Either of these declarations ensures that Perl knows
Game is a module name. This forces any bare name
like new before the class name
Game to be interpreted as a method invocation,
even if you happen to have declared a new
subroutine of your own in the current package. People don't generally
get into trouble with indirect objects unless they start cramming
multiple classes into the same file, in which case Perl might not
know that a particular package name was supposed to be a class name.
People who name subroutines with names that look like
ModuleNames also come to grief eventually.

For more information about this, see the sections on "Syntactic
Snafus with Indirect Objects" and "Package-Quoted Classes" in Chapter
12 of Programming Perl.

13.0.5. Some Notes on Object Terminology


In the object-oriented world, many
words describe only a few concepts. If you've programmed in another
object-oriented language, you might like to know how familiar terms
and concepts map onto Perl.

For
example, it's common to refer to objects as
instances of a class and those objects' methods
instance methods. Data fields peculiar to each
object are often called instance data or
object attributes, and data fields common to all
members of that class are class data,
class attributes, or static data
members
.





Also,
base class, generic class,
and superclass all describe the same notion (a
parent or similar ancestor in the inheritance hierarchy), whereas
derived class, specific
class
, and subclass describe the
opposite relationship (a child or descendent in the inheritance
hierarchy).


C++
programmers have static methods,
virtual methods, and instance
methods
, but Perl only has class
methods
and object methods. Actually,
Perl only has methods. It accepts any sort of invocant you choose to
employ. Whether a method acts as a class or an object method is
determined solely by actual usage. You could call a class method (one
expecting a string argument) on an object or an object method (one
expecting a reference) on a class, but you shouldn't expect
reasonable results if you do.

A C++ programmer thinks about global (class) constructors and
destructors. These correspond to module initialization code and
per-module END{ } blocks, respectively.

From the C++ perspective, all methods in Perl are virtual. This is
why their arguments are never checked for function prototypes as the
built-in and user-defined functions can be. Prototypes are checked by
the compiler at compile time, and you can't determine until runtime
the function called by method invocation.

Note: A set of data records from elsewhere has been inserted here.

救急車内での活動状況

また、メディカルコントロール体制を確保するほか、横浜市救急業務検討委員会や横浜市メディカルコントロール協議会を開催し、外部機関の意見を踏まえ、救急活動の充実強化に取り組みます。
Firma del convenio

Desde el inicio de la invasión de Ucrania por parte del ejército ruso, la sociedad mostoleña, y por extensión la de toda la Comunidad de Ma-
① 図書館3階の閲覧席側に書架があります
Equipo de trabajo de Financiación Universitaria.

13.0.6. Philosophical Aside


In its OO programming, Perl gives you a lot of freedom: the ability
to do things more than one way (you can bless any data type to make
an object), to inspect and modify classes you didn't write (adding
functions to their packages), and to use these to write tangled pits
of misery—if that's really what you want to do.

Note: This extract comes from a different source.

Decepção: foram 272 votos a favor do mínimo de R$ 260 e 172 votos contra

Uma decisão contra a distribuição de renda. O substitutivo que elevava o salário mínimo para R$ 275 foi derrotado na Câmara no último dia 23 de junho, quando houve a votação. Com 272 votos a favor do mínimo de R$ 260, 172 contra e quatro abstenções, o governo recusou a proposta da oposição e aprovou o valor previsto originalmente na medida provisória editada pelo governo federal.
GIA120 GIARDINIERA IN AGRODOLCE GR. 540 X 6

Less flexible programming languages are usually more restrictive.
Many are fanatically devoted to enforced privacy, compile-time type
checking, complex function signatures, and a smorgasbord of other
features. Perl doesn't provide these things with objects because it
doesn't provide them anywhere else, either. Keep this in mind if you
find Perl's object-oriented implementation weird. You only think it's
weird because you're used to another language's philosophy. Perl's
treatment of OO is perfectly sensible—if you think in Perl. For
every problem that you can't solve by writing Perl as though it were
Java or C++, there is a native Perl solution that works perfectly.
The absolutely paranoid programmer can even have complete privacy:
the perltoot(1) manpage describes how to bless
closures to produce objects that are as private as those in C++ (and
more so).

Perl's objects are not wrong; they're differently right.

13.0.7. See Also


The general literature on object-oriented programming rarely refers
directly to Perl. The documentation that came with Perl is a good
place to begin learning about object-oriented programming,
particularly the object tutorials perltoot(1)
and perlboot(1). For a reference, read
perlobj(1) and Chapter 12 of
Programming Perl. You might need it when you
read perlbot(1), which is full of
object-oriented tricks.

Damian Conway's Object Oriented Perl (Manning)
is the best introduction and reference for object-oriented
programming in Perl. It's readable, accurate, and comprehensive.